» **About this task**:
When the listing below reaches the line that has "Our collection includes", start reproducing exactly; stop after the line that has "Three-dimension Images profiled", and drop the pictures.

» **Data extract**:

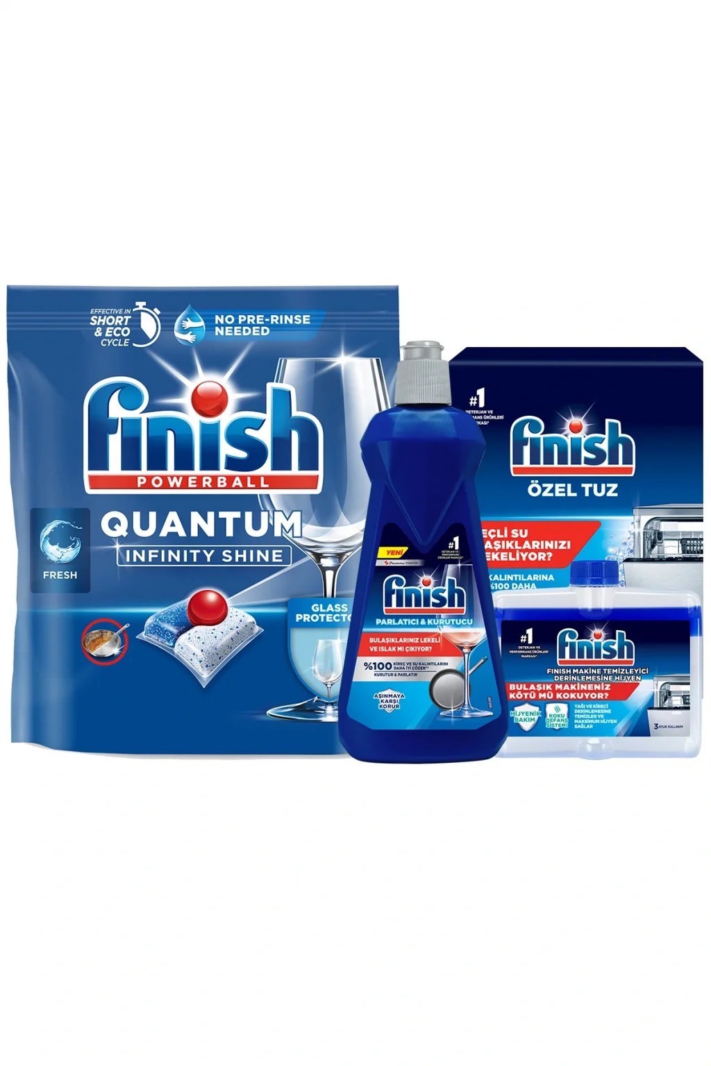 Finish Quantum Infinity Shine Bulaşık Deterjanı Tableti, her yıkamada derin temizlik ve mükemmel parlaklık sağlar.
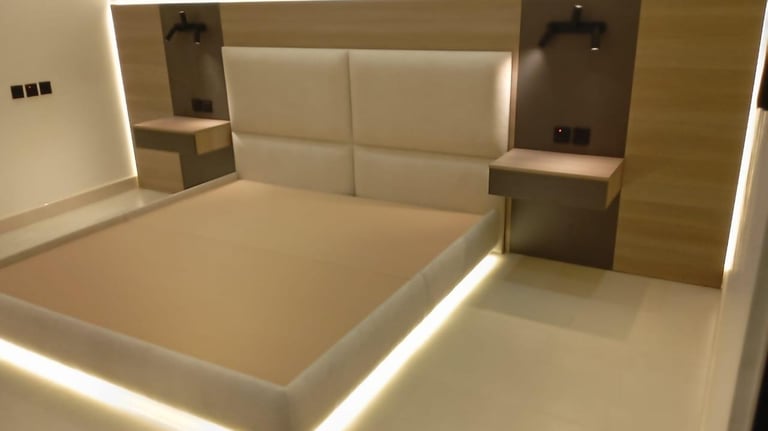 Our collection includes elegant dressing tables, comfortable hotel-style beds, modern wardrobes, kids’ beds and desks, stylish nightstands, luxurious entryways, modern wall shelves, and premium TV units — all thoughtfully crafted to add a touch of elegance and sophistication to your home.
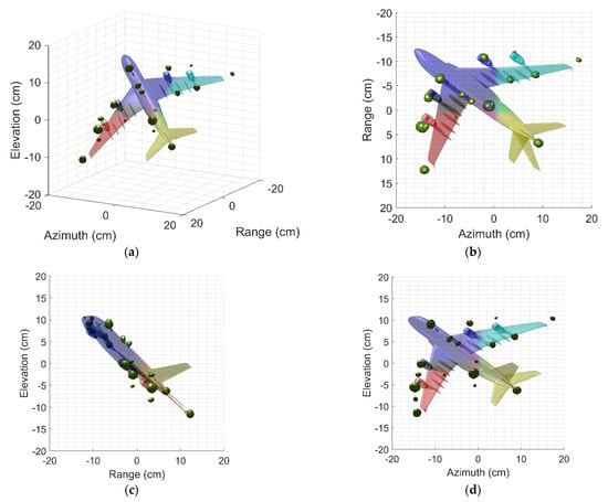Three-dimension Images profiled on the CAD model. (a) Three-dimension image. (b) Range–azimuth profile. (c) Range–elevation profile. (d) Azimuth–elevation profile.
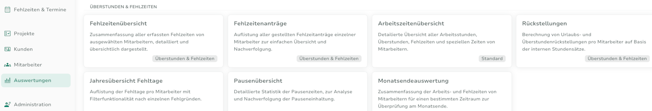 Unter Auswertungen > Mitarbeiter können Administratoren über alle Mitarbeiter Auswertungen erstellen: Fehlzeitenübersicht, Fehlzeitenanträge, Arbeitszeitenübersicht, Jahresübersicht Fehltage, Pausenübersicht und Monatsendeauswertung. Außerdem ändert sich hier die Auswertung "Beschäftigungsgrad" zu Verfügbarkeitsgrad.
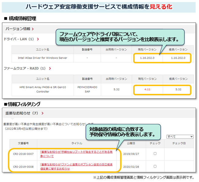 業務の集約度が上がりより重要度を増したシステムの安定稼働を継続していくためには、サーバのファームウェア・ドライバの既知不具合による障害発生を未然防止することが重要です。このたび、標準的な保守サービスメニューを強化し、当日対応のオンサイト保守作業や問題解決支援等に加えて、ハードウェア安定稼働支援サービスを1年間無償で提供いたします。ハードウェア安定稼働支援サービスでは、お客様専用サイトで、ハードウェア構成やファームウェア・ドライバ情報といった「構成情報」を提供するとともに、お客様の構成に該当する「重要なお知らせ/セキュリティ情報/アドバイザリ」を抽出しバージョン選択のサポートをいたします。これらにより、ファームウェア・ドライバのバージョン管理や更新作業の手間を削減し、作業漏れの予防を支援します。

» **Result**:
 Our collection includes elegant dressing tables, comfortable hotel-style beds, modern wardrobes, kids’ beds and desks, stylish nightstands, luxurious entryways, modern wall shelves, and premium TV units — all thoughtfully crafted to add a touch of elegance and sophistication to your home.
Three-dimension Images profiled on the CAD model. (a) Three-dimension image. (b) Range–azimuth profile. (c) Range–elevation profile. (d) Azimuth–elevation profile.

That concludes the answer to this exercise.